Il y a cinquante ans aujourd’hui. Bien. À peu près.
Viking 1 a atterri sur le sol rouge rouille de Mars. Il s’agit du premier atterrisseur américain à réaliser un atterrissage en douceur sur une autre planète. Une étape importante.
Mais voici ce qui empêche les astrobiologistes de dormir la nuit.
Les données sont revenues. Les expériences se sont déroulées. Et le résultat ? C’était compliqué.
L’épisode 220 de This Week In Space approfondit ce nœud historique spécifique. Rod Pyle et Tariq Malik font appel aux gros frappeurs : le Dr. Pascal Lee et le Dr Penny Boston. Ils ne se contentent pas de réciter des dates. Ils décortiquent les expériences de détection de vie viking qui ont produit un paradoxe que personne n’a entièrement résolu.
Avons-nous trouvé la vie ?
Ou avons-nous trouvé une chimie qui ressemblait à la vie ?
Le retard du Starship et la foudre
Le podcast ne reste pas coincé dans le passé. Il pivote vers le présent immédiat. Rapide.
Starship Flight 13 survole la rampe de lancement. Littéralement.
SpaceX mène une bataille juridique. Un projet d’échange de terrains à Starbase, dans le sud du Texas, bloque les progrès. Les groupes autochtones et les défenseurs de l’environnement exigent l’intervention des tribunaux. Le tribunal doit trancher maintenant.
Pendant ce temps, en Chine, une fusée Longue Marche 3B a été touchée par la foudre lors du décollage.
On pourrait penser que cela mettrait fin à la mission. Ce n’est pas le cas. Le satellite livré en toute sécurité. C’est un rappel brutal de la violence inhérente aux fusées.
“Frappe de foudre sur une fusée chinoise capturée sur une photo du lancement de l’épidémie.”
Chaotique. Dangereux. Réussi.
Pourquoi les résultats de Viking 1 sont toujours controversés
Retour sur Mars.
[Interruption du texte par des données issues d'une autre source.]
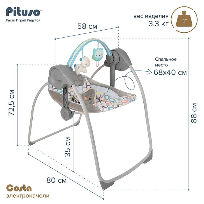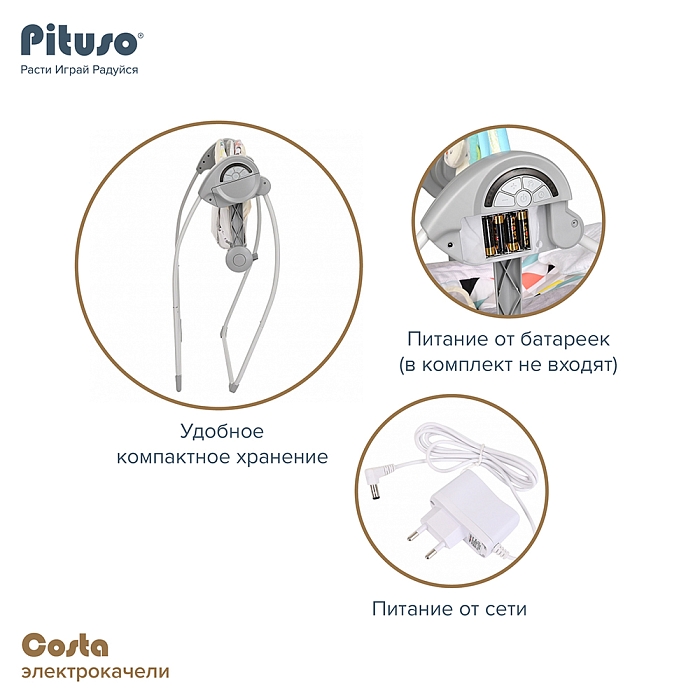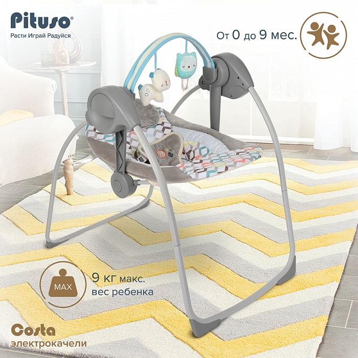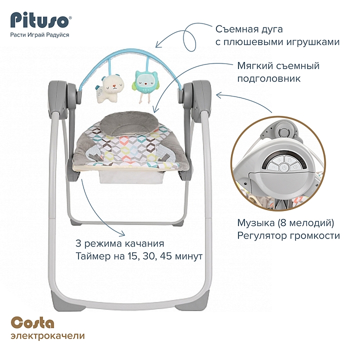 Электрокачели Pituso Costa станут незаменимым помощником в семье с младенцем: они гарантированно подарят комфорт малышу и избавят от множества забот его родителей. Стальной корпус изготовлен из прочного материала, ткань подкладки мягкая и удобная, заботится о детской коже.
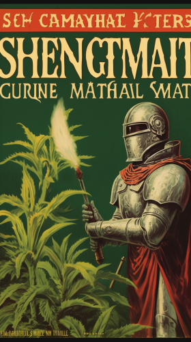 a 1940's style pulp science fiction magazine cover of a medeival knight growing weed --ar 9:16

Retour au mystère.
Le atterrissage de Viking 1 a marqué la fin d’une époque et le début d’une dispute de cinquante ans. Les expériences biologiques ont montré des réactions positives. Gaz libérés. Activité de type métabolisme.
Mais le spectromètre de masse par chromatographe en phase gazeuse n’a trouvé aucun composé organique. Pas de chaînes carbonées. Aucun élément de base.
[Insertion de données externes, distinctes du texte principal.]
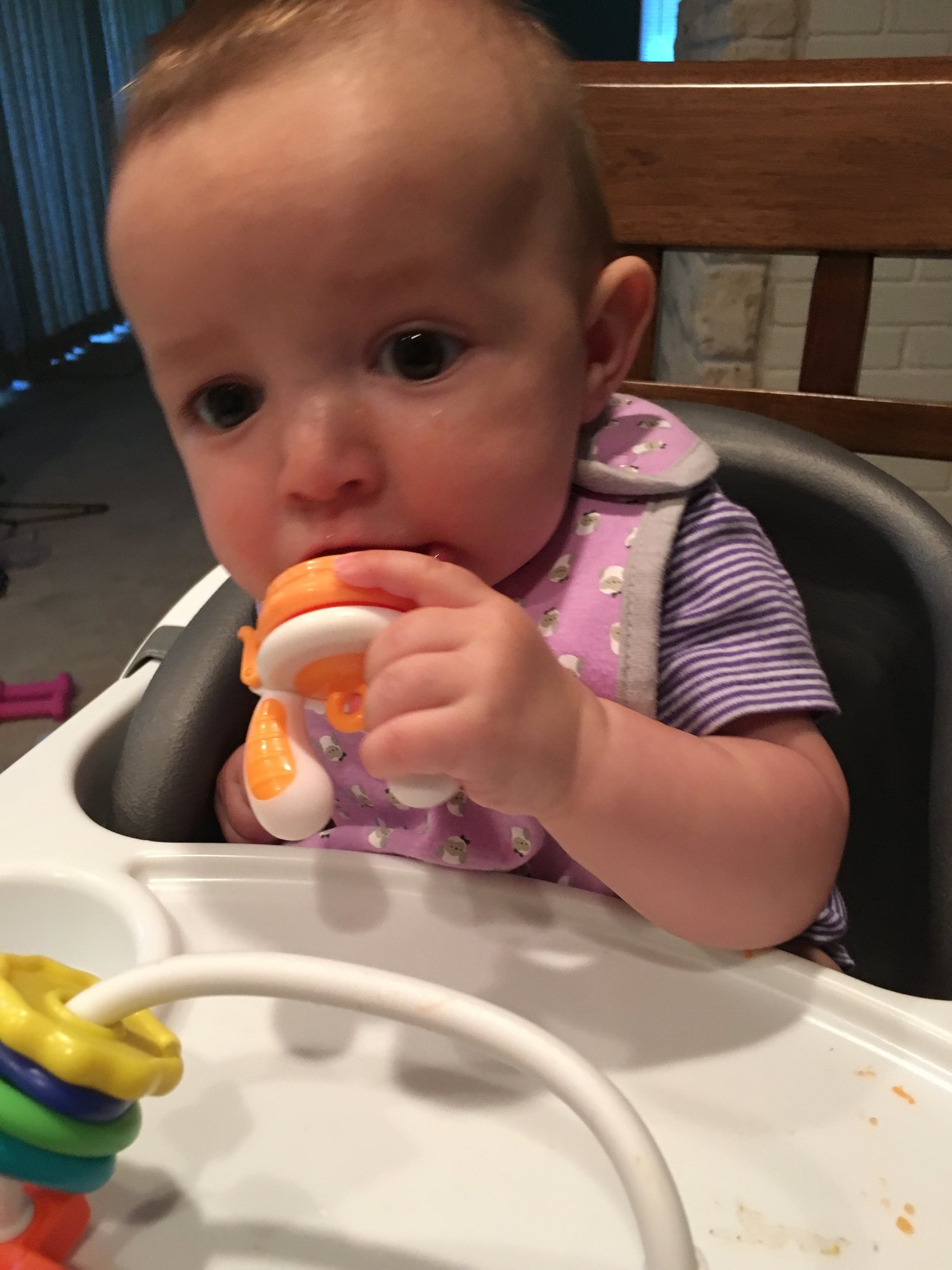 @lilqt3929 my DD does fine with thicker stuff eating-wise, but she got a little backed up in the bowels last week. It could be that she was dehydrated (it was HOT last week and my mom kept them at her blazing hot house during the day instead of bringing them to mine with AC, grrrr), but I'm wondering if maybe I need to water down her food some instead of just mashing it straight?
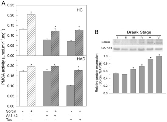 The effects of sorcin on PMCA were also investigated in membranes prepared from human undiagnosed (HC) and diagnosed AD (HAD) brains. Samples were treated, as described above, with 1 µM sorcin and 30 µM Aβ or 0.3 µM tau, in 25 µL, and then diluted to 1 mL in assay medium. PMCA activity was measured as indicated in the Methods Section and the resulting values are depicted in Figure 5A. It was observed that in HC, the addition of sorcin increased PMCA activity by 1.75-fold, while Aβ or tau, at the concentrations assayed, produced about 50% inhibition, as expected from the results of previous work. However, the activities of membranes co-treated with sorcin and Aβ or tau were similar to those of untreated samples. These results are in agreement with those observed in purified pig brain PMCA (see Figure 1). In HAD membranes, the PMCA showed higher activity than in HC membranes, as already reported in previous studies [26,29], and it was not significantly activated by sorcin. On the other hand, Aβ did not affect the activity of HAD membranes, whereas tau inhibited PMCA by 50%, as already reported in previous studies [26,29,32], but this inhibition was prevented by co-treatment of membranes with sorcin and tau. In order to determine the expression of endogenous sorcin in human brain samples, we performed Western blots of human membranes at different Braak stages (Figure 5B). An increase in sorcin expression was observed in the later Braak stages, associated with disease progression.
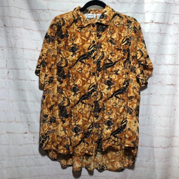 Emeralda Fashions blouse, rayon, short sleeves, button-up, Tribal African print, tan/black, size L

Alors, que s’est-il passé ?
La théorie dominante pointe désormais vers les perchlorates.
Ces sels existent dans le sol martien. Ils sont oxydants. Lorsqu’ils étaient chauffés pendant les expériences Viking, ils détruisaient probablement toutes les matières organiques qui s’y trouvaient. Ils ont également créé des faux positifs à vie.
Ce n’était pas de la biologie. C’était une chimie imitant la biologie.
Mais est-ce entièrement exclu ? Certains scientifiques s’y opposent encore. Les données sont ambiguës. La rivalité entre ceux qui voient des « roches mortes » et ceux qui voient des « biosignatures potentielles » est féroce.
Des survols de Mariner au débat moderne
L’épisode retrace l’arc. Cela commence avec le Mariner 4 triomphe. Une seule photo granuleuse. Puis Mariner 9, en orbite autour de la planète, a révélé que les canaux étaient des mythes mais que les volcans étaient réels.
Puis vint Viking.
L’atterrissage lui-même était une perfection technique. La science était… compliquée.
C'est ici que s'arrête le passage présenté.